_Records for the exercise:_
● ● ● ● ● ● ●

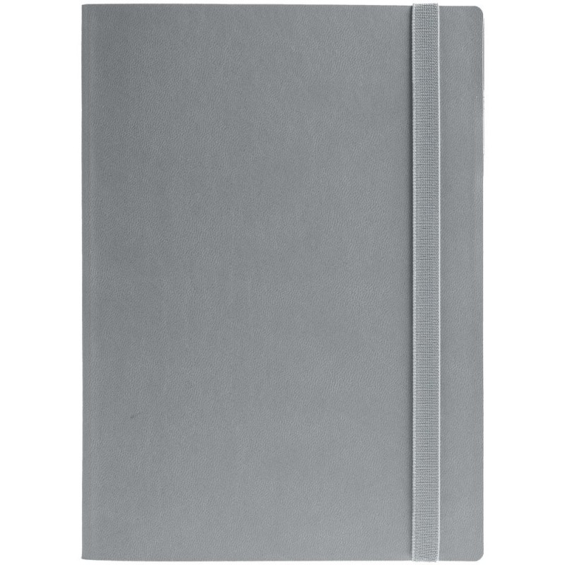 Ежедневник с гибкой обложкой выполнен из материала Latte, серый СС, и дополнен резинкой шириной 1 см, капталом и ляссе серого цвета.
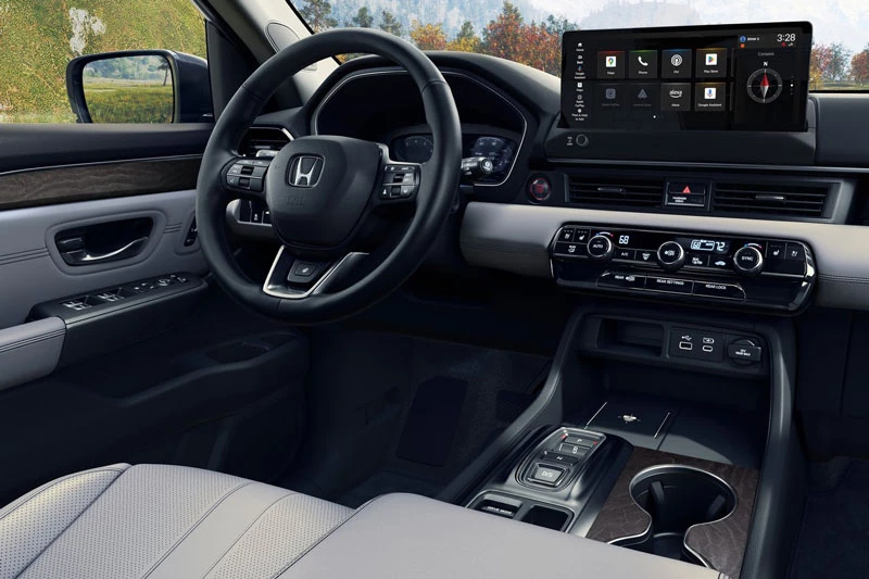 Bước vào nội thất Honda Pilot 2026, người dùng sẽ nhận thấy nâng cấp đáng giá nhất chính là khoang lái kỹ thuật số hoàn toàn, với cụm đồng hồ 10,2 inch đi kèm màn hình trung tâm cảm ứng 12,3 inch lớn hơn nhiều so với đời trước. Hệ thống giải trí được làm mới với giao diện tối giản, Google tích hợp sẵn, Wi-Fi 5G và kết nối Apple CarPlay/Android Auto không dây, tăng sự thuận tiện trong trải nghiệm.
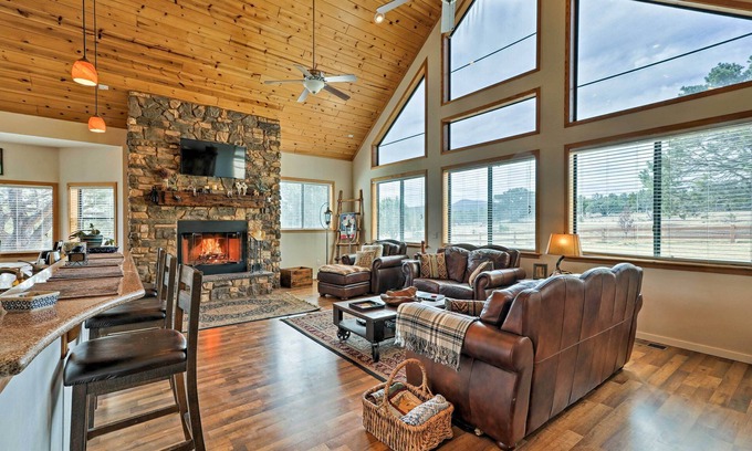 Plan your next Arizona retreat to this stunning 3-bedroom, 3-bath vacation rental in Vernon! Ride horses through the Apache-Sitgreaves National Forest, canoe on Fool Hollow Lake, or just relax in the open great room and gaze out at the beautiful views. Featuring a game room with a pool table and dartboard, a stone fireplace, and a grill, this spacious cabin is ideal for family gatherings!
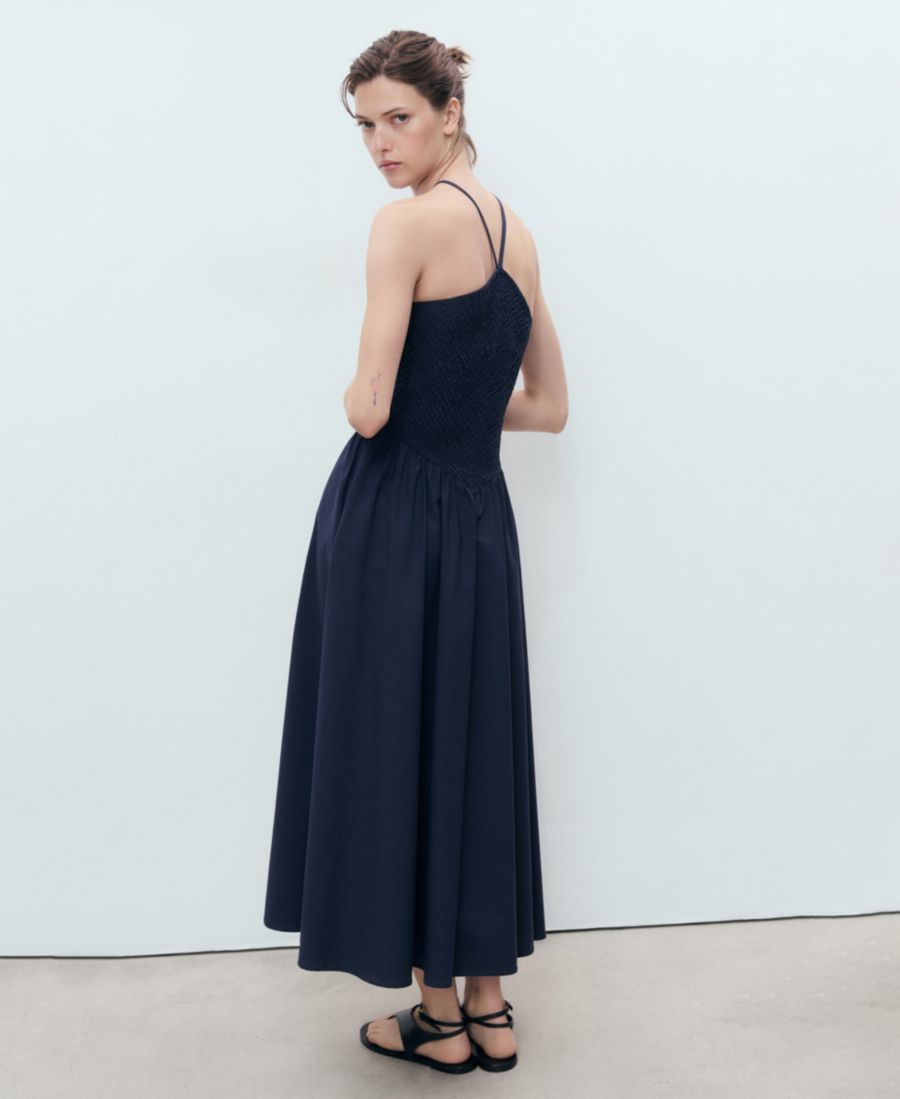 Женское платье с комбинированным воротником-халтером MANGO, Dark Navy
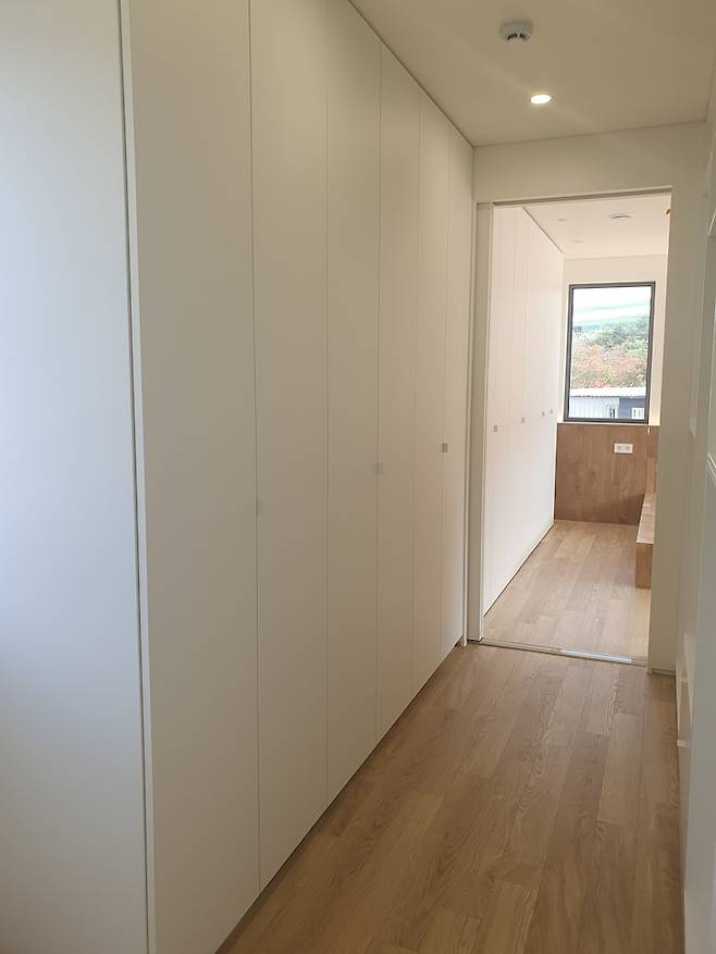 침실 옆 드레스룸은 붙박이장으로 제작해서 이불이나 의류 등을 보관하고 있어요. 복도와 침실 사이 이어지는 구조여서 실용적이고 또 편리하게 쓰고 있답니다.

● ● ● ● ● ● ●

_Problem requirements:_ Please set down each line of the listing above word for word, skipping any pictures.

_Task response:_
 Ежедневник с гибкой обложкой выполнен из материала Latte, серый СС, и дополнен резинкой шириной 1 см, капталом и ляссе серого цвета.
 Bước vào nội thất Honda Pilot 2026, người dùng sẽ nhận thấy nâng cấp đáng giá nhất chính là khoang lái kỹ thuật số hoàn toàn, với cụm đồng hồ 10,2 inch đi kèm màn hình trung tâm cảm ứng 12,3 inch lớn hơn nhiều so với đời trước. Hệ thống giải trí được làm mới với giao diện tối giản, Google tích hợp sẵn, Wi-Fi 5G và kết nối Apple CarPlay/Android Auto không dây, tăng sự thuận tiện trong trải nghiệm.
 Plan your next Arizona retreat to this stunning 3-bedroom, 3-bath vacation rental in Vernon! Ride horses through the Apache-Sitgreaves National Forest, canoe on Fool Hollow Lake, or just relax in the open great room and gaze out at the beautiful views. Featuring a game room with a pool table and dartboard, a stone fireplace, and a grill, this spacious cabin is ideal for family gatherings!
 Женское платье с комбинированным воротником-халтером MANGO, Dark Navy
 침실 옆 드레스룸은 붙박이장으로 제작해서 이불이나 의류 등을 보관하고 있어요. 복도와 침실 사이 이어지는 구조여서 실용적이고 또 편리하게 쓰고 있답니다.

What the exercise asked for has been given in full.